CD14 and development of atopic disease at 2 years of age in children with atopic or non-atopic mothers


U. Holmlund, Department of Medicine, Unit of Clinical Allergy Research, L2:04 Karolinska Hospital, 171 76 Stockholm, Sweden. E-mail:


Background CD14, a myeloid cell marker and LPS receptor has been acclaimed to play a role in development and manifestation of atopic allergy, as the gene encoding CD14 is located in a chromosomal region linked to total IgE levels and atopic disease.

Objective To investigate the levels of soluble (s) and membrane bound (m) CD14 in cord blood and at 2 years of age from children with atopic or non-atopic mothers and relate these parameters to atopy development at 2 years of age.
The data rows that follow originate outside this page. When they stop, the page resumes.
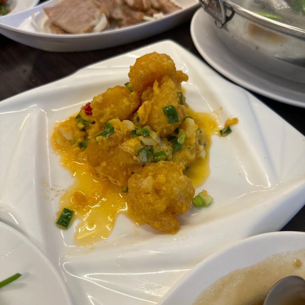 塩漬け卵黄の黄金色の皮と濃いめの塩味がエビの身とよく合いますが、食べる量が少ないと飽きてしまいます。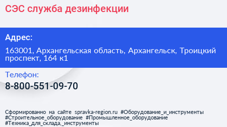 СЭС, служба дезинфекции по адресу 163001, Архангельская область, Архангельск, Троицкий проспект, 164 к1 в дальнейшем Организация, размещена в следующих категориях: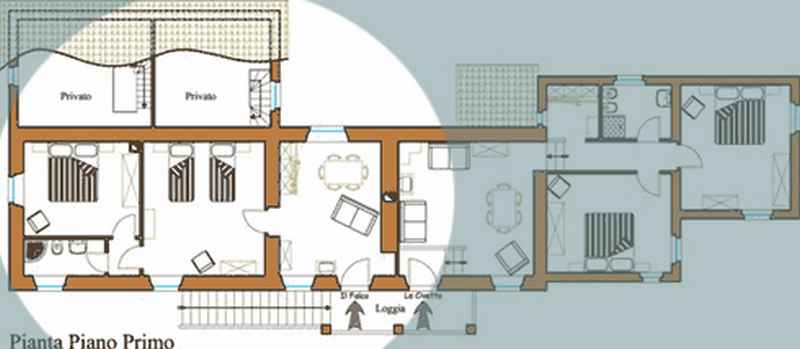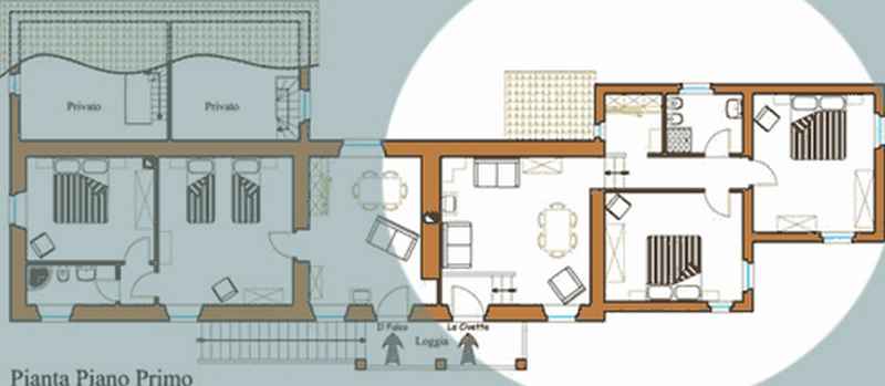 Il Falco si trova al piano primo: è il cuore della vecchia casa contadina. Un trilocale composto da cucina-soggiorno con divano letto matrimoniale, camera con due letti singoli, camera letto matrimoniale e bagno.

Methods Blood samples were collected at delivery (cord blood) and at 2 years of age among infants with atopic (n = 41) and non-atopic (n = 32) mothers. Blood samples were also obtained from mothers at the same occasions. Levels of sCD14 and total IgE were measured in plasma, and percentages of CD14+ cells were measured in cord and peripheral blood mononuclear cells.

Results We observed significant differences in sCD14 levels in cord blood, where children with atopic mothers had the highest levels. The same pattern could be observed in the mothers at delivery. At 2 years of age no significant differences in sCD14 levels were observed between children with atopic mothers and children with non-atopic mothers and no association between sCD14 and atopic disease was found. Further, we observed large differences in sCD14 and mCD14 with respect to age, where newborns displayed a higher frequency of CD14+ cells compared with the 2-year-olds and the mothers. The reverse was observed for sCD14, with significantly lower values in cord blood than those seen in the 2-year-olds and mothers.

Conclusion Based on our findings, we suggest that CD14 could be involved in the regulation of IgE production, but that it might also be important for the maturation and development of the neonatal immune system.